Accordingly, RAG applications can leverage the power of namespaces in vector databases to achieve multi-tenancy. Multi-tenancy is where every user individually authenticates using OAuth, integrating data into a namespace attributed strictly to them. When they return to query the RAG system, they’ll strictly pull context from files that they own.

Benefits

Simplicity

We’ve seen a few customers take this approach due to an obvious benefit: it is simpler. By enabling every user to ingest data via OAuth or their own API Key into a dedicated namespace, companies don’t need to manage a permissions system and deal with numerous edge cases. They also don’t need to do any reconciliation logic and setting up a RAG system becomes dramatically easier.

Usage based storage

Additionally, by having every user manually authenticate, only the users that will actually use the RAG system are having their files pulled. For organizations where AI usage is sparse, this could mean a lot less storage costs.

Drawbacks

Multiple auths

The primary drawback with multi-tenancy is that every end-user needs to manually authenticate. This could be difficult if your customers’ organizations have massive headcounts, where a significant percentage are leveraging your RAG application/feature.

Duplicate data

The other issue is that multi-tenancy creates duplicate data, which makes it very inefficient from a storage perspective. For example, if your customer had 10 sales reps, and each authenticated access to their Sales Google Drive folder, this would result in you storing 10 copies of the same Google Drive files.

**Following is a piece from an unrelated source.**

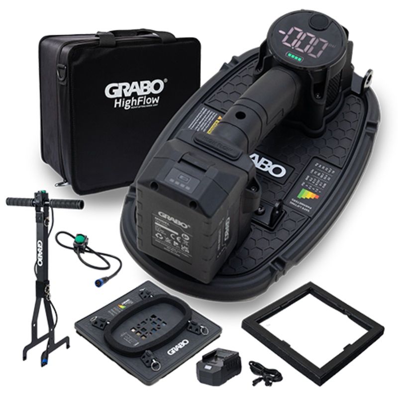 The GRABO High-Flow stands as GRABO's most advanced tool with more power and improved vacuum technology, revolutionizing the way challenging objects are handled. This versatile, portable electric vacuum lifter effortlessly manages a variety of materials, i

Of course, companies might be able to trim storage costs by merging duplicate files, but that then requires in-house permissions management again.

Alternative 2: Check permissions at query time

Instead of importing permissions ahead-of-time, companies could manually check for access at runtime, iterating over each piece of context.

To check permissions at query time, organizations would need to store relevant identifiers in metadata to check if the querying user has access to the entity.

Benefits

Checking permissions at query time prevents the need to manage an in-house permissions system, similar to the previous alternative. However, it also doesn’t require each user to manually authenticate.

It also checks against the most up-to-date permissions, something that neither of the previous approaches account for. Permissions do change, especially as users change roles.

Drawbacks

The obvious issue, however, is latency. Checking permissions via the 3rd party API at runtime can be extremely expensive, especially if some APIs are subject to rate-limits and are generally slow. However, it does create a new benefit: permissions will always be up-to-date. Because permissions do occasionally change, checking permissions at runtime is the most.

Closing Thoughts

Integrating permission with RAG is a tricky process. The first approach would be for organizations to manage a master permissions system that all other integrations are reconciled against, allowing the system to elegant filter-out restricted entities at query time. Another approach would be to use multi-tenancy, where each user manually integrates their owned data via OAuth, with it stored in a namespaced application. The final approach would be to check permissions at runtime, but this process can be slow, albeit being the most up-do-date and accurate.

Choosing the right strategy comes down to evaluating your needs as an organization and your expectations to scale, but the reality is, you may need to implement a combination of the three permissions strategies. Changing strategies down-the-road is possible, but it can be expensive on engineering hours as each approach uses a fundamentally different approach.